Because fifty percent of the amount ("if, as and when") received is the statutory maximum, at least with respect to annuity-type retirement benefits (i.e., those which entail monthly installment payments after retirement/after a certain age, etc.) -- initially, the thinking and approach of some practitioners was that something less than fifty percent must be "the norm" here (even to the extent that annuities constitute "marital property"; i.e., even regarding the "marital portion"). Often, perhaps by analogy to "dower" interests, they viewed one-third as the "usual" spousal share in an annuity; with a fifty percent share being reserved for application against the spouse clearly "guilty" of dissolution of the marriage. Even in the case described above, however, where the Court of Appeals indicated that mere "personal fault" was essentially irrelevant (and the ex-wife was denied permission to prove that her ex-husband had dissolved the marriage by means of engaging in adulterous relationships with seven different women!) -- an orthopedic surgeon was allowed to retain all but 20-30 percent of certain types of his (marital property) business assets.

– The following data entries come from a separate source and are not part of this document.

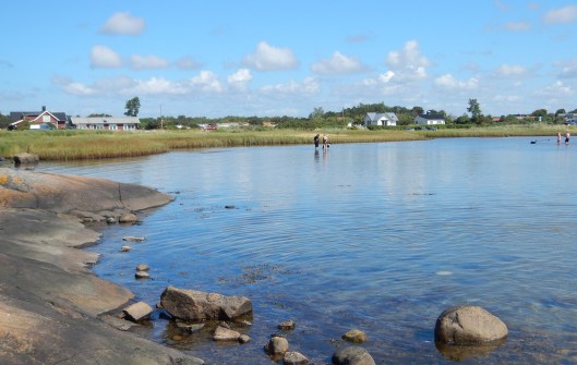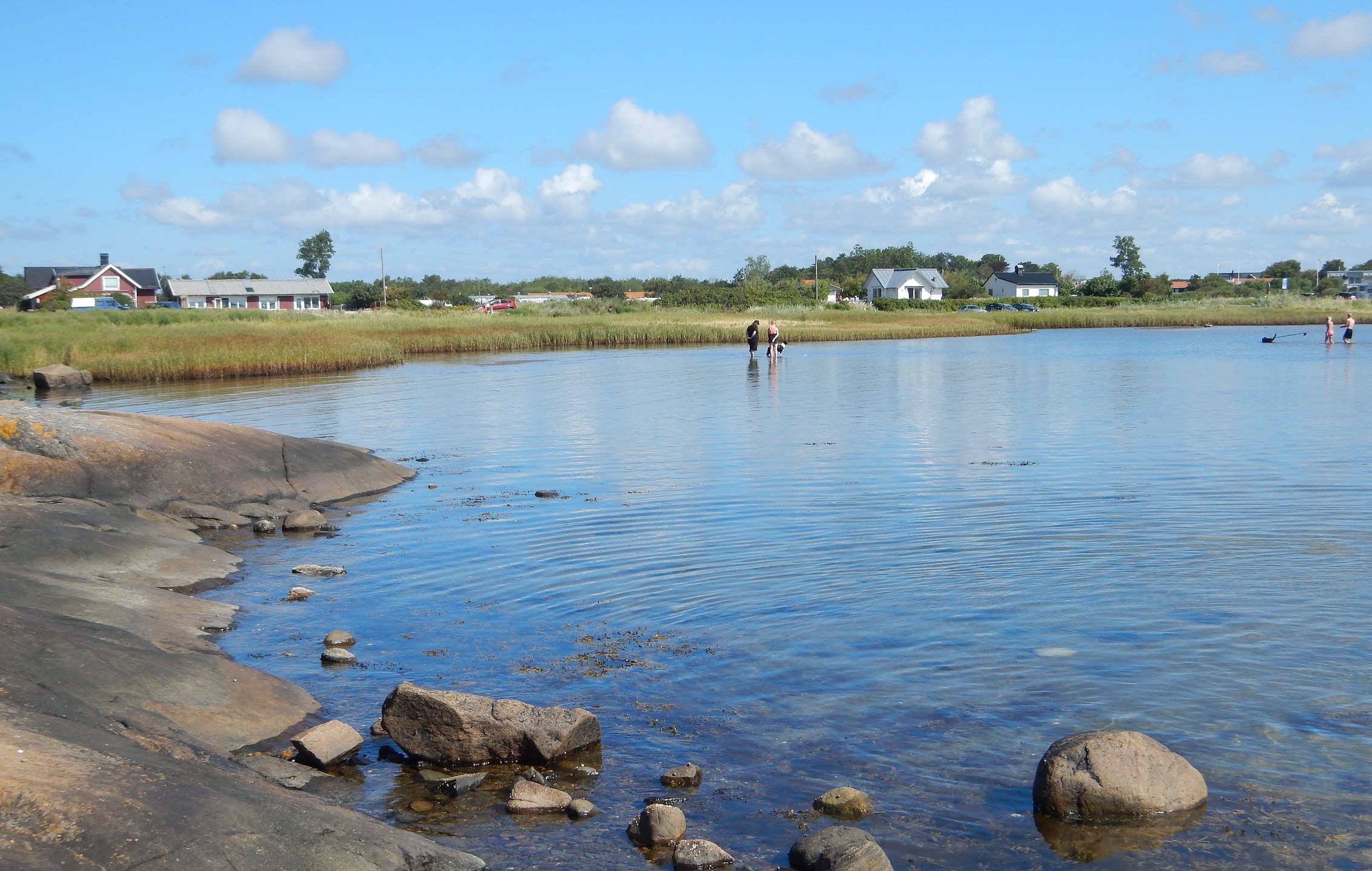 Här ses området från havssidan och då förstår man att det kan kallas strandnära. Det är oftast Rolf som går på hundpromenaderna, på så sätt lär han känna såväl nya hundar som hundägare. Ibland dyker det upp en och annan bekant också. På Getterön blir det ofta vattenpromenader eftersom vår hund älskar vatten och att bada, tittar man längst upp på bilden kan man se Rolf o Bachus i ett samtal med någon.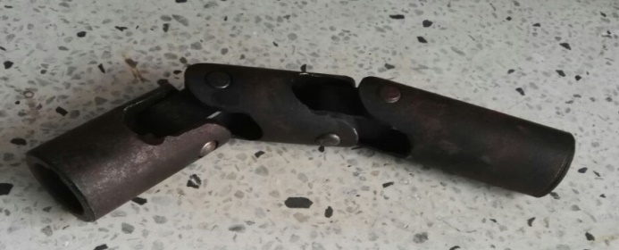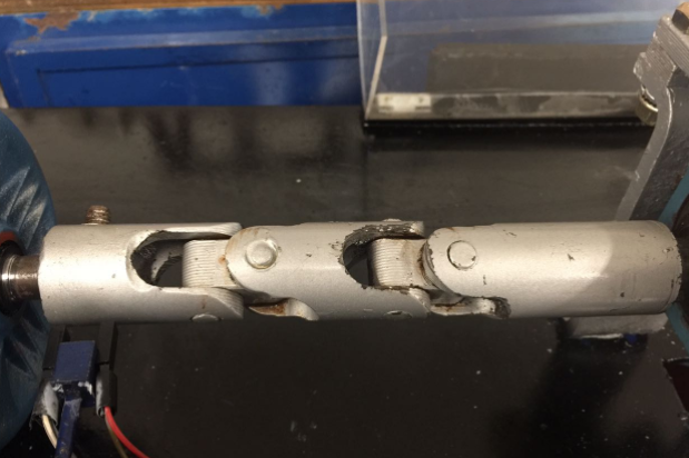 El sistema que se utilizo para acoplar el eje del motor al eje de la maquina fue una junta cardanica o junta universal, esta junta ademas de servir como acople sirve tambien para comunicar ejes no colineales, por lo tanto con esta junta se corrijen los problemas de alineacion que se puedan tener con el eje del motor, tambien es un elemento importante para el movimiento de pivote que se presenta cuando la probeta falla. Recordando que lo que mantiene completamente horizontal los 2 ejes de la maquina es la probeta de ensayo, por lo tanto cuando esta falla el sitema cae por el peso aplicado.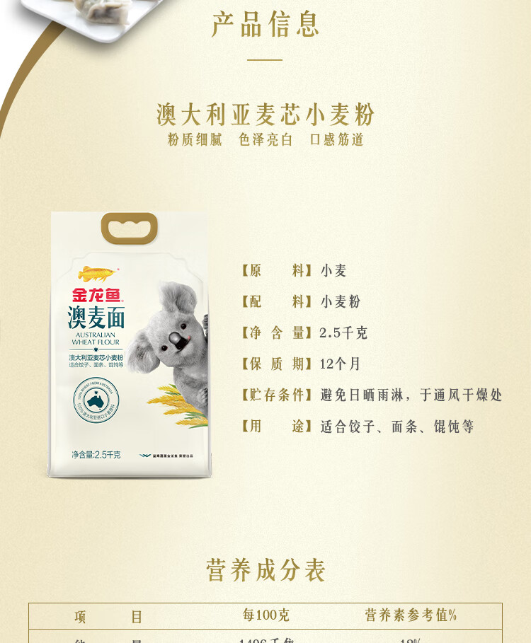 金龙鱼 面粉 中筋粉 澳大利亚麦芯粉5斤 100%进口小麦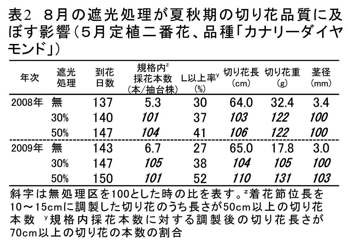 - 5月定植で、一番花採花期前後である8月に遮光処理を行うことで、9月〜10月上旬に採花される二番花では、規格内採花本数が増加し、切り花品質も向上する。また、日照不足であった年でも効果が認められる(表2)。「カナリーダイヤモンド」での経済性試算の結果、粗収入額−直接経費は無処理区より遮光区で多く、遮光処理により収益性は向上する。

And, although the Virginia Court of Appeals has never directly decided this issue, several early "reported" decisions have involved cases where that seems to have been the approach taken ( i.e., precisely or about one-third viewed as the "norm").
On the other hand, a substantial percentage of practitioners seem not to distinguish retirement (as opposed to) business assets in this fashion; at least in the Northern Virginia area, increasingly, our Judges are ordering the "marital portions" of these assets, also, simply divided equally.
Another possibly important caveat regarding retirement benefits results from the tax effects of cashing in" IRA's and "401K"-type Plan amounts. That is, "early distribution" of these assets will result in a ten percent income tax "penalty" bite; and the amounts received must, also, then be included as income on your tax return. At the higher brackets, therefore, with Virginia State tax effects also considered, this means that the effective "present value" of what might otherwise seem to be $1,000.00 in an IRA or 401K account is really only a little more than one-half of that amount. And, although it is true that, with respect to Plans, such tax effects can be negated by means of use of the cumbersome procedure of a "Qualified Domestic Relations Order" ('QDRO') -- where the amount in the Plan is not to be divided that way now or in the future -- $1,000.00 in a 401K Plan may not be of equal value to $1,000.00 in, for example, an ordinary savings account.
In Virginia, a premarital agreement shall be in writing and signed by both parties. Such an agreement shall be enforceable without consideration and shall become effective upon marriage.